**What you will do:**
For the records below, output word for word the lines from the one with "- 8x drzwi uchylne" up to and including the one with "urkassen med ynde.". No pictures.

**Provided information:**
>>>
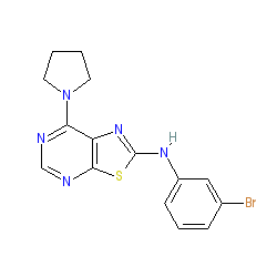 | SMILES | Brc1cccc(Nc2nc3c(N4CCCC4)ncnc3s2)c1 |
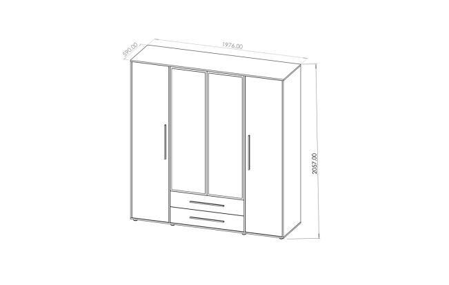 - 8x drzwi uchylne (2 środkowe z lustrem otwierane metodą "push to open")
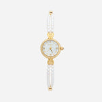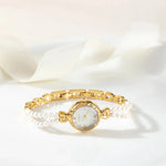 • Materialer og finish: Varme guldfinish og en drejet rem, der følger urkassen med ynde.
<<<
>>>
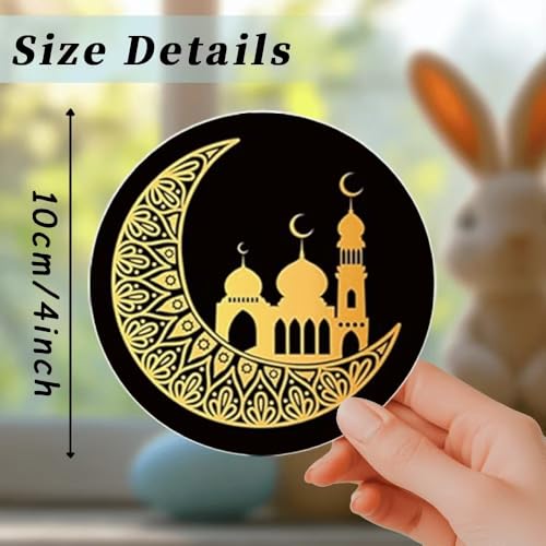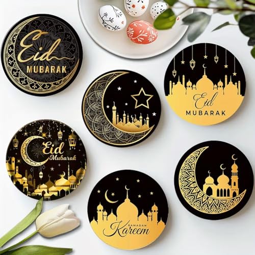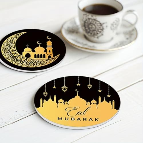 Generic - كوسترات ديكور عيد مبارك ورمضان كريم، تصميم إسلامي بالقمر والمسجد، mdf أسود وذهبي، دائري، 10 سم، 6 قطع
<<<
**Solution for this exercise:**
 - 8x drzwi uchylne (2 środkowe z lustrem otwierane metodą "push to open")
 • Materialer og finish: Varme guldfinish og en drejet rem, der følger urkassen med ynde.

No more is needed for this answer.